### Information
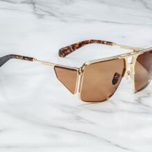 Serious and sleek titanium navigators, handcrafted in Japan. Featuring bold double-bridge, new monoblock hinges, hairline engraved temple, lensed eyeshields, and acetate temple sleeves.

==

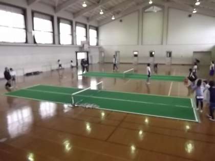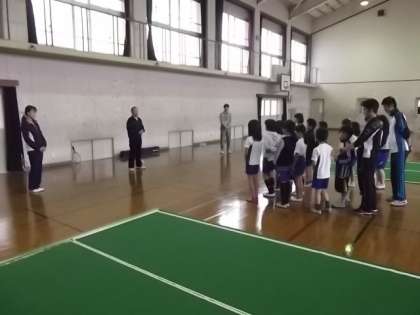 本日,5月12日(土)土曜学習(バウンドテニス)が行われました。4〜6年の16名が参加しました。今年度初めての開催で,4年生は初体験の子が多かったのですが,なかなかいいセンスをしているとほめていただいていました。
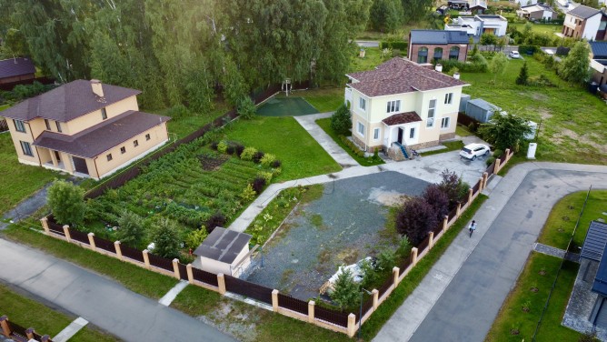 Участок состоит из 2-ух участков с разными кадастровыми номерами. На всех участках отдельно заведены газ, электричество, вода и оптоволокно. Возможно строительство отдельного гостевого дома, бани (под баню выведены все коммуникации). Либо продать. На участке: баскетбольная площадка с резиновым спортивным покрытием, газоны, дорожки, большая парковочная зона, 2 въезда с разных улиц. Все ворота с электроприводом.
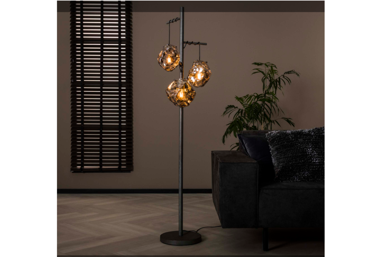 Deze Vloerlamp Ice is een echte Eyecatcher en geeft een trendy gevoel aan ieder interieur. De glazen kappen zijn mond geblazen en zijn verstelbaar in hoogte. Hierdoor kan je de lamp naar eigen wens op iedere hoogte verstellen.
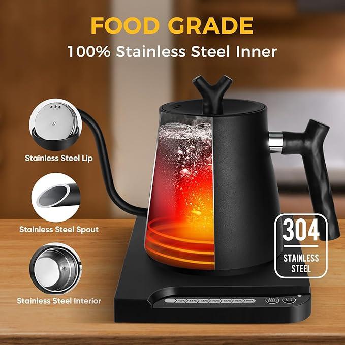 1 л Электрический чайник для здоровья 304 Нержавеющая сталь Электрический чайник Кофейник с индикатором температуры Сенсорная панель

### To do
Given the listing above, repeat exactly the lines starting at the one with "Участок состоит из" and ending at the one with "1 л Электрический", inclusive, excluding pictures.

### Response box
 Участок состоит из 2-ух участков с разными кадастровыми номерами. На всех участках отдельно заведены газ, электричество, вода и оптоволокно. Возможно строительство отдельного гостевого дома, бани (под баню выведены все коммуникации). Либо продать. На участке: баскетбольная площадка с резиновым спортивным покрытием, газоны, дорожки, большая парковочная зона, 2 въезда с разных улиц. Все ворота с электроприводом.
 Deze Vloerlamp Ice is een echte Eyecatcher en geeft een trendy gevoel aan ieder interieur. De glazen kappen zijn mond geblazen en zijn verstelbaar in hoogte. Hierdoor kan je de lamp naar eigen wens op iedere hoogte verstellen.
 1 л Электрический чайник для здоровья 304 Нержавеющая сталь Электрический чайник Кофейник с индикатором температуры Сенсорная панель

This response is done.